El muerto, de
mala gana, le pidió que dejara de molestar. Pero él volvió a tocarle el hombro,
zamarreándolo un poco.
—Dale, Jesús,
despertáte.
—Bah —resolpló
Jesús. Dio media vuelta y se tapó la cabeza con la manta.
—Tenés que
resucitar, no la hagas más difícil.
El muerto llamado Jesús
ya no respondió. Arrodillado a su lado, el joven notó que ni siquiera respiraba
y la oscuridad del callejón no ayudaba en nada; apenas se distinguían las
siluetas. El murmullo de motores y ruedas en la avenida llegaba como en un sueño.
Algo parecido a un ratón del tamaño de un gato salió de entre unas bolsas de basura y se alejó
corriendo, pegado a la pared. Todo quedó inmóvil y en silencio.
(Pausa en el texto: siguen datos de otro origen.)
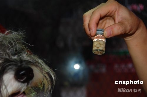 9月26日,广西南宁一家宠物医院的医生展示一个小狗手术后取出的十余颗结石。小狗主人陈女士介绍说,该小狗未满一岁,出生后由于体弱,主人就给它喂食三鹿奶粉,后来也曾食用过少量伊利奶粉,小狗三个月时出现排尿困难,之后去宠物医院诊治,至今已经导尿二十余次,做结石手术三次,共发现几十颗结石,最近一次手术在十天前进行,发现十余颗结石,最大的结石如同花生粒一般。医生说,这是他从医十多年第一次见这么小的狗患结石,也是他所见到的最大的公狗结石,结石的原因与食用奶粉可能存在很大关系。 目前,小狗主人已经停止给小狗喂食奶粉。中新社发 刘万强 摄
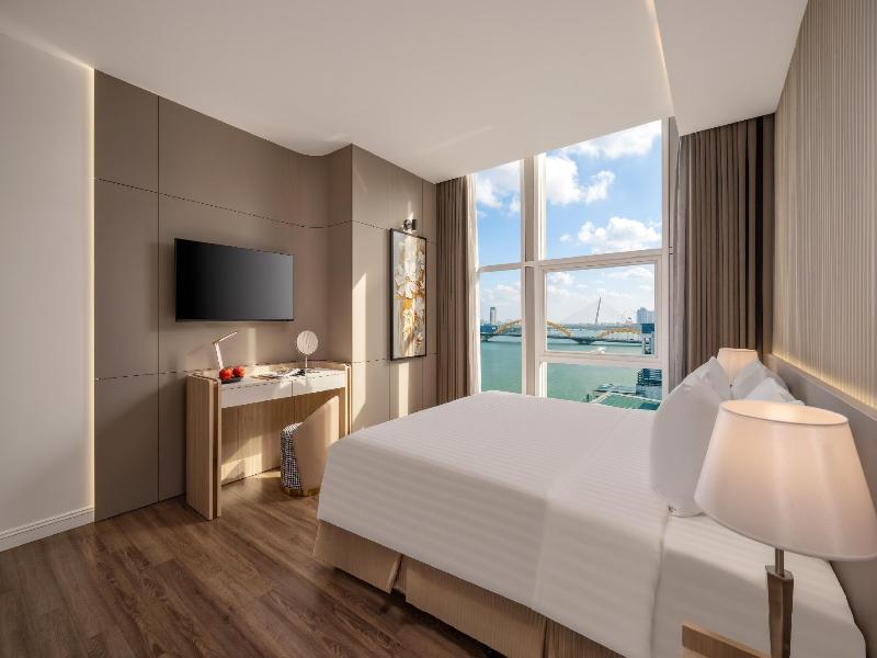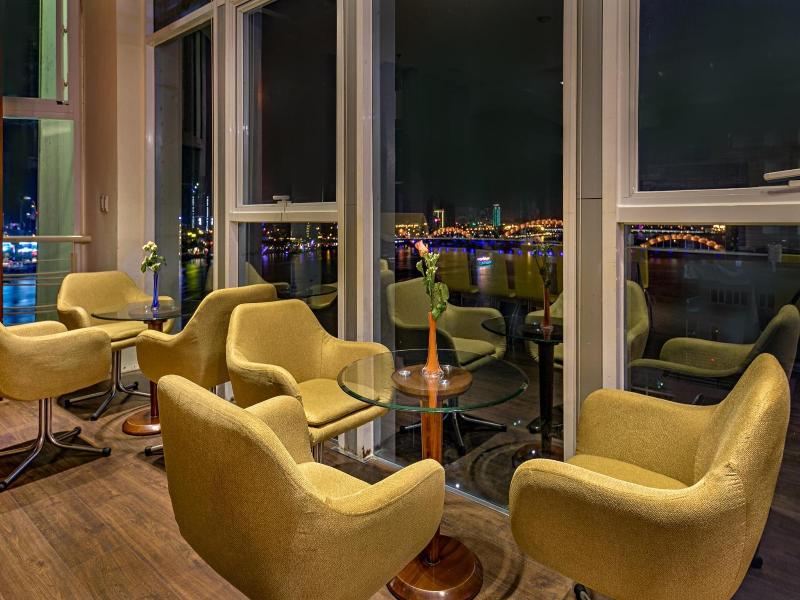 Este hotel, ubicado en el corazón de Da Nang a orillas del pintoresco río Han, ofrece una estancia memorable. Construido en 2008, el hotel presenta una arquitectura e interiores modernos que cumplen con los estándares internacionales. Sus 50 habitaciones con aire acondicionado ofrecen impresionantes vistas a la ciudad y al río. Las comodidades incluyen recepción 24 horas, cambio de divisas, ascensor, cafetería, bar, restaurante, salas de conferencias, acceso a internet, servicio de habitaciones y lavandería, y aparcamiento. Cada habitación cuenta con baño privado, cama king o doble, teléfono de línea directa, TV vía satélite, acceso a internet, caja fuerte, minibar y set de té y café. Los huéspedes pueden disfrutar del gimnasio o jugar al golf en un campo cercano. Las opciones gastronómicas incluyen una variedad de cocina asiática e internacional servida en un romántico restaurante y bar, con desayuno buffet y menús a la carta para el almuerzo y la cena.
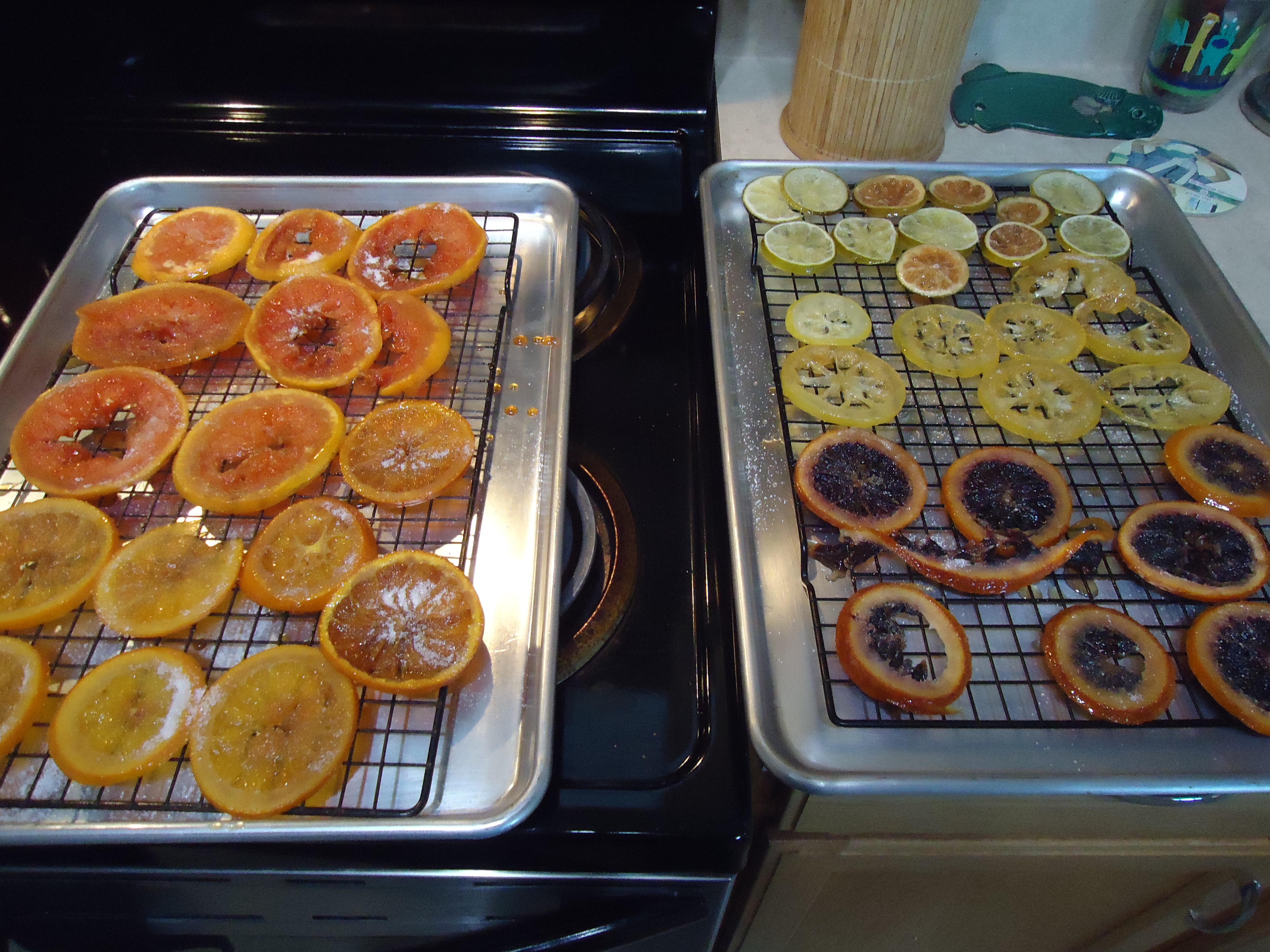 I spent about half my day last Saturday candying slices of every kind of citrus fruit I could get my hands on. And it mostly worked out OK! Actually, I’m still coming down from the vitamin C-laced sugar high.
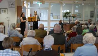 Wir hatten das Glück, ein Klarinettenduo - Theresa Ströbele und Julia Vogel - bei uns im Haus begrüßen zu dürfen. Sie spielten bekannte, kurze und beschwingte, Stücke wie Vivaldi, Rossini, Mozart, Bizet, Beethoven, auch Volksmusik sowie z.B. Variationen über "Oh du lieber Augustin" etc. Sie nahmen uns mit in fremde Länder und ferne Orte und zauberten Bewohnerinnen und Bewohnern sowie Angehörigen ein Lächeln ins Gesicht.
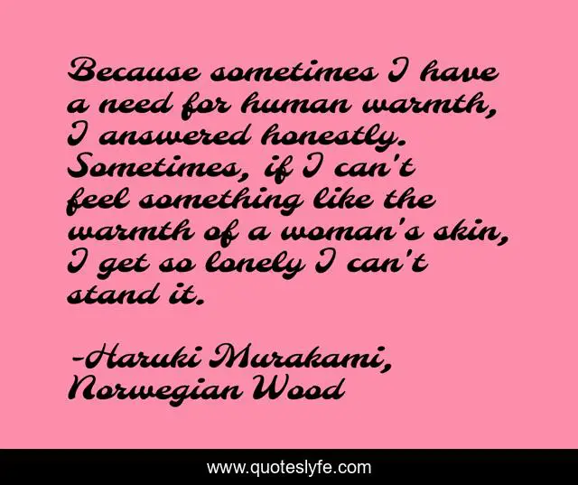 This page presents the quote "Because sometimes I have a need for human warmth, I answered honestly. Sometimes, if I can't feel something like the warmth of a woman's skin, I get so lonely I can't stand it.". Author of this quote is Haruki Murakami, Norwegian Wood. This quote is about books, book, norwegian-wood,.
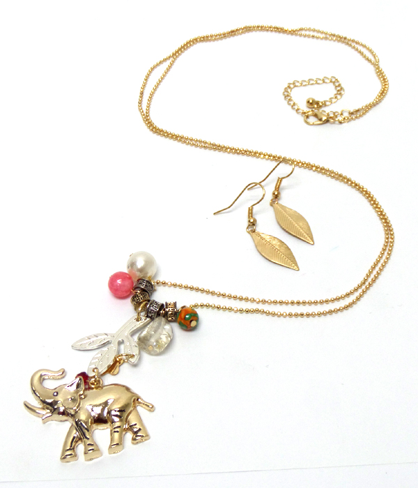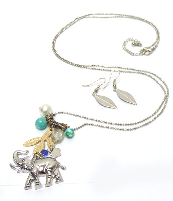 WHOLESALE LIFE TREE WITH CHARMS METAL LONG NECKLACE SET 410717

El joven,
temiendo lo peor, extendió una mano temblorosa hacia la manta.
—¡Bu! —gritó el
muerto, incorporándose de pronto.
—¡Hijo de una
gran p…!
—Pordiosera
será tu vieja —completó Jesús, con la voz reseca.
—Casi me matás
del susto... ¡No respirabas!
—Los muertos no
necesitan oxígeno —dijo. Se desperezó y se puso de pie. —¿Qué querés, pibe?
¿Para qué me llamaste?
—Está todo
escrito, tenemos una misión que cumplir.
—¿Una misión?
¿Escrita dónde?
—Me dijeron y
les creí. Salgamos de acá.
Como no tenía
nada mejor que hacer, Jesús lo siguió. Caminaron tras los pasos del ratón
hasta la avenida y doblaron a la derecha. El ratón ya no estaba. En la vereda
no había más que vagabundos durmiendo apilados. Contaron unos siete u ocho en
la primera cuadra. Por la calle pasaban autos, colectivos y motos que se
perdían por el otro lado, que eran siempre los mismos. Jesús tiritaba envuelto
en su manta, con la ropa apolillada y unas sandalias viejas. Expuesto a los
faros y a las luces de la calle tenía una palidez de estatua, disimulada por la
mugre y las cagadas de paloma.
—Muero de
hambre —dijo, deteniéndose en la esquina, y vio que el otro lo miraba raro.
—Tengo hambre, como cualquiera. Además me vendría bien un trago.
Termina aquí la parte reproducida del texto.